LIFE WITH A SIDE OF AUTISM

Tuesday, April 7, 2015

Dear Woman In The SUV That I Almost Hit




Thank you for seeing me.

I was backing out, and a bare second before we would have impacted, you hit your brakes and prevented a catastrophe. I gave you a sheepish wave – it was all my fault, really – and you gave me an annoyed look but didn't get crazy about it. You just went on your way.

And again, thanks. That could have ended so differently, so badly, if you hadn't been paying attention when I clearly wasn't.

But you see, it's my birthday, and it's a big one. And my family is far away, and I'm so broke the kids and I can't even go to McDonald's, and when my ex brought the kids back last night, he didn't even wish me Happy Birthday. He didn't really even speak to me at all, really.

And I was more than a little sad because maybe if he hadn't left, maybe I'd be surrounded by friends and neighbors and family on this big birthday, and he would be ribbing me about the fact that I'm four months older than him, and it would be a warm and happy day, instead of another reminder that my life got pulled out from under me and despite all the great and good things in my life (and there are many), it's still hard to believe this is my life now.

Then my daughter let me know on the drive home that Daddy's getting married in just a few short months, shortly after the ink is dry on the final divorce decree. This wasn't a surprise.

But it was a surprise that on top of the birthday, it felt like a boulder hitting me in the stomach. And this is a stomach that hasn't felt great since Friday, mind you, when my daughter went to her first Broadway show with Daddy and his soon-to-be-wife. Her first Broadway show, and it wasn't me that got to take her.

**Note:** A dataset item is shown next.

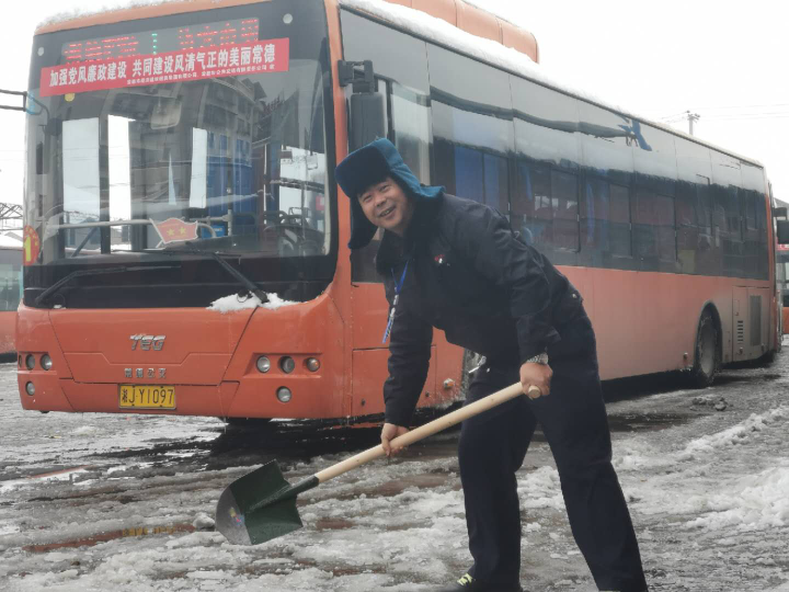 图为公汽大公司架驶员目前在农资大的市场坪内除掉路面雪
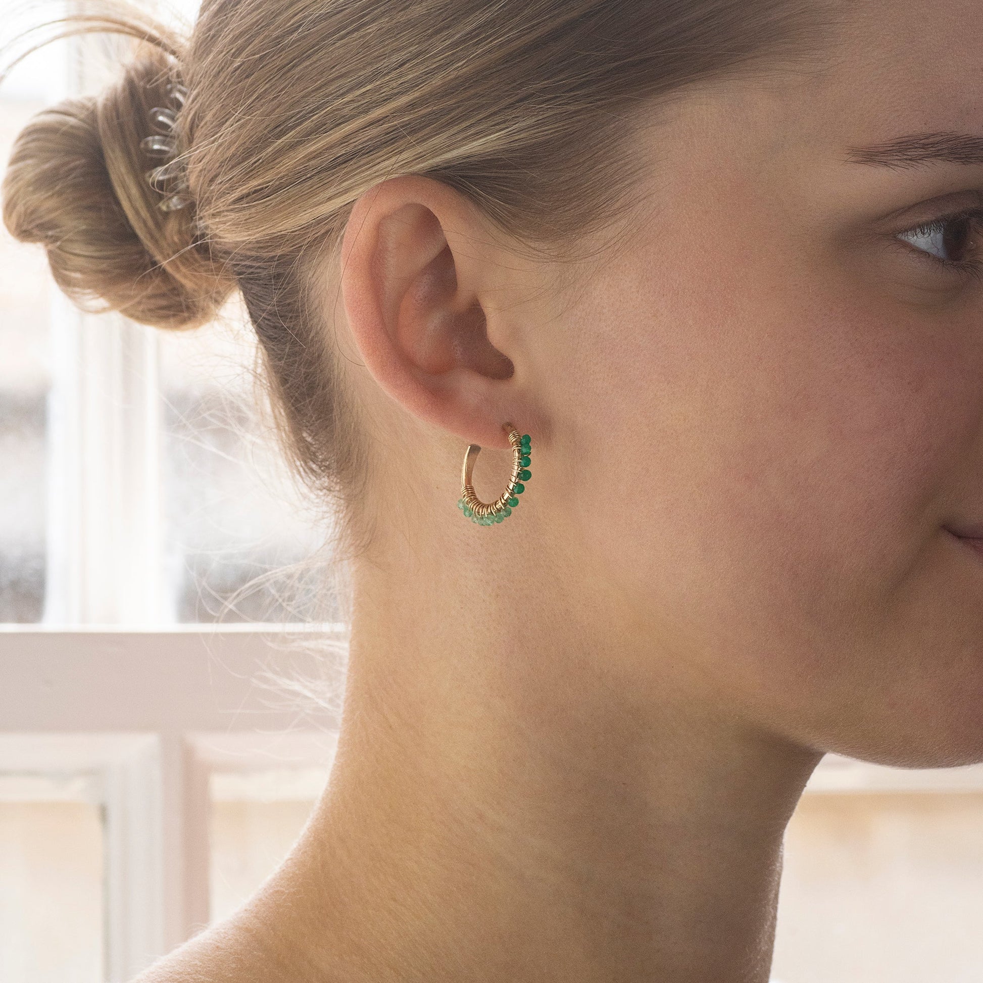 Give her a meaningful gift that celebrates and inspires her. These gemstone hoop earrings are handmade with either sterling silver or 14k gold-fill and tiny pyrite stones, which symbolise protection.

Me, the one with the Theatre degree. 

The one who once dreamed of Broadway for herself. He and I met in college, you know. He used to come to my shows, even though he never cared much for live theatre. He came to see me. Back then, he'd do anything to see me, and I'd sacrifice all those dreams to be the person he needed me to be, and to stay at his side.

But that was a long time ago, back when I was young, and in love. And today, I'm clearly not either of those things anymore. And I feel like I will never be either of those things again.

All of this was playing in my mind as I backed out of my parking space, and I didn't see you. And I'm sorry. I'm wallowing today in a pit of misery so deep, it feels like I'm drowning and I'll never find air or light again.

So I hit my brakes, and I waved at you, and as you pulled away, I took a deep breath and pulled myself together. I reminded myself that today is in reality, just another day. That I've felt more pain than this and survived it. That this sudden surge of misery is not going to define me, or the life I've rebuilt from the rubble.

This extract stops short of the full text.